- Required action
This exercise calls for an exact transcription. Set down every record below.

- Supplied data
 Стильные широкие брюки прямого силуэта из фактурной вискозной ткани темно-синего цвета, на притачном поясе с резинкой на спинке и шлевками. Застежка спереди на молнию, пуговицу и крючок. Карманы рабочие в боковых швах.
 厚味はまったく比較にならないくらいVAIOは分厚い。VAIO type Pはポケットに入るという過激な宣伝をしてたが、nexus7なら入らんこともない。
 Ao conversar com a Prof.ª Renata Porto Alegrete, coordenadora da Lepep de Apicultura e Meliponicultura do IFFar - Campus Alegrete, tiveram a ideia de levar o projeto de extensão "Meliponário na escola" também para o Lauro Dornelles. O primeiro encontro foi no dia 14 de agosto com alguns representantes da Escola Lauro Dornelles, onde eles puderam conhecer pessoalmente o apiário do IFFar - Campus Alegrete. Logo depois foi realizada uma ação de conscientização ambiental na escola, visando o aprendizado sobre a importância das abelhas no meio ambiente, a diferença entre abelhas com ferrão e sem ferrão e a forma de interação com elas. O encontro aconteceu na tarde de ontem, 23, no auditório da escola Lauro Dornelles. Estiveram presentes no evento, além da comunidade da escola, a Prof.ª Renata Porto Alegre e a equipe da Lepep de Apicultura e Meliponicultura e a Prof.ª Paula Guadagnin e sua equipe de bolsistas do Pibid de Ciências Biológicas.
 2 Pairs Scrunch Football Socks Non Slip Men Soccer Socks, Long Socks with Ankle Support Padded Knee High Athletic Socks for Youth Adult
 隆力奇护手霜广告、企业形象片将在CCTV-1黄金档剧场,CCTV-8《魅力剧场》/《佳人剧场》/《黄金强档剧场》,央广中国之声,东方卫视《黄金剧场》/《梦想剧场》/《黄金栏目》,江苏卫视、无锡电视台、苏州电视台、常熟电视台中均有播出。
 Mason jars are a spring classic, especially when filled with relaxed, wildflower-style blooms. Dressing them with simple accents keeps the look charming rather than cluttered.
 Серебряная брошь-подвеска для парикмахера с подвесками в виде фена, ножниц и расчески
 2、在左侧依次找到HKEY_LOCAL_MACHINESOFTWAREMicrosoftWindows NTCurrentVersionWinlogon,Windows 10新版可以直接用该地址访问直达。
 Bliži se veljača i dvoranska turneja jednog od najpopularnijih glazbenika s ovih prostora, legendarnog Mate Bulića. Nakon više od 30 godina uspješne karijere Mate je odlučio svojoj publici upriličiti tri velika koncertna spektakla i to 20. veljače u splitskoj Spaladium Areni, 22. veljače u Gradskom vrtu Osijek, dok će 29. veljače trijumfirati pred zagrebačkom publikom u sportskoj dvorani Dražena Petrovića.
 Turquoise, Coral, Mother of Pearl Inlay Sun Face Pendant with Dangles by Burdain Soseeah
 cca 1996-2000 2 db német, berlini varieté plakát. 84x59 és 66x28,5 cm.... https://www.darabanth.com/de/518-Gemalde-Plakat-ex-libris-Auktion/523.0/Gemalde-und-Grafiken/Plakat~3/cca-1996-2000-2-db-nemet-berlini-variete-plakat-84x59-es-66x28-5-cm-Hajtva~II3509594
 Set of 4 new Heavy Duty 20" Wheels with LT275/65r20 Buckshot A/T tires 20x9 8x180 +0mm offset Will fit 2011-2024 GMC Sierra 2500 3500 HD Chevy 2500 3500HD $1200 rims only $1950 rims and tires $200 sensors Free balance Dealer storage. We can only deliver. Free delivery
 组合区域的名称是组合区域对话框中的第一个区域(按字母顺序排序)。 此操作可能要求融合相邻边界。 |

- Output below
 Стильные широкие брюки прямого силуэта из фактурной вискозной ткани темно-синего цвета, на притачном поясе с резинкой на спинке и шлевками. Застежка спереди на молнию, пуговицу и крючок. Карманы рабочие в боковых швах.
 厚味はまったく比較にならないくらいVAIOは分厚い。VAIO type Pはポケットに入るという過激な宣伝をしてたが、nexus7なら入らんこともない。
 Ao conversar com a Prof.ª Renata Porto Alegrete, coordenadora da Lepep de Apicultura e Meliponicultura do IFFar - Campus Alegrete, tiveram a ideia de levar o projeto de extensão "Meliponário na escola" também para o Lauro Dornelles. O primeiro encontro foi no dia 14 de agosto com alguns representantes da Escola Lauro Dornelles, onde eles puderam conhecer pessoalmente o apiário do IFFar - Campus Alegrete. Logo depois foi realizada uma ação de conscientização ambiental na escola, visando o aprendizado sobre a importância das abelhas no meio ambiente, a diferença entre abelhas com ferrão e sem ferrão e a forma de interação com elas. O encontro aconteceu na tarde de ontem, 23, no auditório da escola Lauro Dornelles. Estiveram presentes no evento, além da comunidade da escola, a Prof.ª Renata Porto Alegre e a equipe da Lepep de Apicultura e Meliponicultura e a Prof.ª Paula Guadagnin e sua equipe de bolsistas do Pibid de Ciências Biológicas.
 2 Pairs Scrunch Football Socks Non Slip Men Soccer Socks, Long Socks with Ankle Support Padded Knee High Athletic Socks for Youth Adult
 隆力奇护手霜广告、企业形象片将在CCTV-1黄金档剧场,CCTV-8《魅力剧场》/《佳人剧场》/《黄金强档剧场》,央广中国之声,东方卫视《黄金剧场》/《梦想剧场》/《黄金栏目》,江苏卫视、无锡电视台、苏州电视台、常熟电视台中均有播出。
 Mason jars are a spring classic, especially when filled with relaxed, wildflower-style blooms. Dressing them with simple accents keeps the look charming rather than cluttered.
 Серебряная брошь-подвеска для парикмахера с подвесками в виде фена, ножниц и расчески
 2、在左侧依次找到HKEY_LOCAL_MACHINESOFTWAREMicrosoftWindows NTCurrentVersionWinlogon,Windows 10新版可以直接用该地址访问直达。
 Bliži se veljača i dvoranska turneja jednog od najpopularnijih glazbenika s ovih prostora, legendarnog Mate Bulića. Nakon više od 30 godina uspješne karijere Mate je odlučio svojoj publici upriličiti tri velika koncertna spektakla i to 20. veljače u splitskoj Spaladium Areni, 22. veljače u Gradskom vrtu Osijek, dok će 29. veljače trijumfirati pred zagrebačkom publikom u sportskoj dvorani Dražena Petrovića.
 Turquoise, Coral, Mother of Pearl Inlay Sun Face Pendant with Dangles by Burdain Soseeah
 cca 1996-2000 2 db német, berlini varieté plakát. 84x59 és 66x28,5 cm.... https://www.darabanth.com/de/518-Gemalde-Plakat-ex-libris-Auktion/523.0/Gemalde-und-Grafiken/Plakat~3/cca-1996-2000-2-db-nemet-berlini-variete-plakat-84x59-es-66x28-5-cm-Hajtva~II3509594
 Set of 4 new Heavy Duty 20" Wheels with LT275/65r20 Buckshot A/T tires 20x9 8x180 +0mm offset Will fit 2011-2024 GMC Sierra 2500 3500 HD Chevy 2500 3500HD $1200 rims only $1950 rims and tires $200 sensors Free balance Dealer storage. We can only deliver. Free delivery
 组合区域的名称是组合区域对话框中的第一个区域(按字母顺序排序)。 此操作可能要求融合相邻边界。 |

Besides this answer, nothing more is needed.